Sometimes, a simple function doesn't seem good enough.
Here's one possible function we can draw, going from a set of players to a set of dice rolls.
There are other, similar functions we could choose by changing where the arrows end... but any single function like this one can only give us a single outcome for each player.
As a model of dice rolling, this function is pretty useless! Each time a player rolls, hopefully there's actually a 1/6 (or about 17%) chance of each number turning up, not a 100% chance of just one of them.
How can we do better?
Sampling different paths
Let's try writing our diagrams a little differently. Focus just on Max, for a second. He rolls five times: 5, 1, 2, 4, 2.
Don't worry about the order of the rolls.
Let's merge all the arrows that arrive at the same place into single arrows. An arrow's thickness represents how frequently we follow it—so the arrow that arrives at 2 is thicker than the others.

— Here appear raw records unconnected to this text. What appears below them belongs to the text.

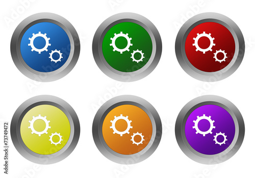 Wall mural : Set of rounded colorful buttons with gears symbol
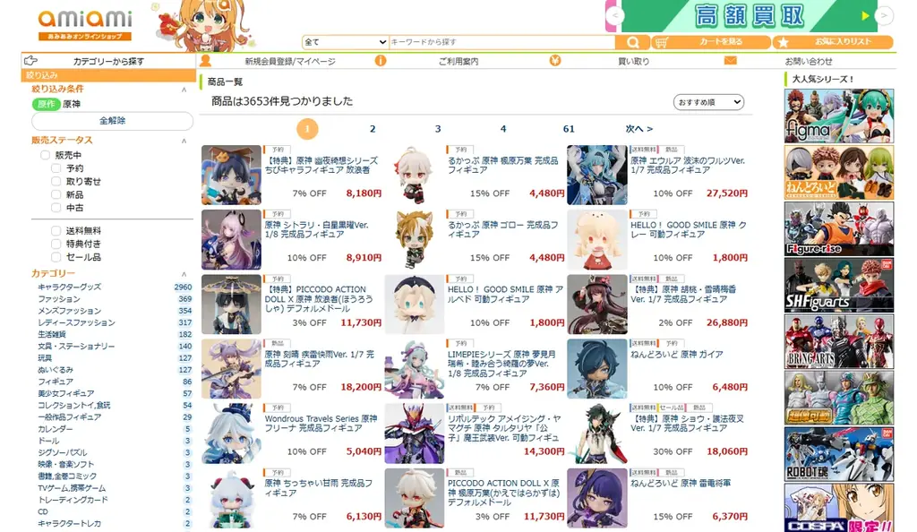 | 販売サイト | https://www.amiami.jp/、https://realstore.amiami.jp/、製品ページ |
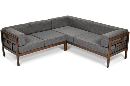 - Модулен дървен градински ъглов диван с 5 места. Кафяв ъглов диван с бежови възглавници, изработен от дърво, намазано с екологичен лак. Здрав градински ъглов диван, за терасата, градината или големия балкон. Устойчив на вода, мухъл и гъбички.
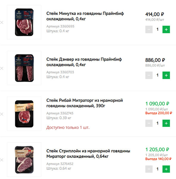 Есть еще один нюанс. Я при расчете выбрала дешевые стейки (в поставке говядина была свежей и приятной, но точно не мраморной):

We can show the same thing using a histogram.
Now divide his roll counts by 5—the number of times he rolled. This gives a normalized histogram in terms of the fraction of total rolls that turn up each way.

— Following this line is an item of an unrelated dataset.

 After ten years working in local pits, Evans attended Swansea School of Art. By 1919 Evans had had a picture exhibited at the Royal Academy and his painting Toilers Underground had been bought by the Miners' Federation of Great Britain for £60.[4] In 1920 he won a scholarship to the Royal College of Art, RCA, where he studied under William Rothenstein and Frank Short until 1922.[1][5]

Now that we've normalized the counts, the sum of all the points in the histogram is 1, or 100%.
When we've got fractions that sum to one – or percentages that sum to 100% – across a set of outcomes, we have a probability distribution.
Our distribution says: given that Max is rolling the dice, there is a 100% chance that one of the six sides will turn up. According to what we've seen, 20% of the time Max arrives at 1, 40% of the time at 2, and so on.
Now split up the histogram bars, and arrange them vertically.
This is redundant: the bars show the same thing as the thickness of the matching arrows. But we'll usually show both in our diagrams anyway. They complement each other, as we'll see shortly. Note that we also draw the paths-never-followed – grey and dashed.
Of course, five rolls isn't enough to get a good model of six-sided dice! We can't even roll once for every side. But if Max keeps rolling and rolling for a while, and we draw up all his rolls, hopefully we'll end up with something more uniform.
Whichever distribution we arrive at, at least we're now in a better position to model dice rolls when the outcome isn't fixed to one value or another.
Channels
To properly model probability, we'll use channels. Here's an abstract example:
We're not very likely to reach from , or from .
For each point in the source set, we get an entire distribution on the target, just like we did for Max's dice rolls.
At the start of this series, I said we'd be dealing with functions. Now I've said that we'll be working with channels. But don't channels break the rules of functions? Multiple arrows start at the same place!
Well, when we want to get formal about it, a channel really can be seen as a function. It's just not as simple as the functions we've seen so far.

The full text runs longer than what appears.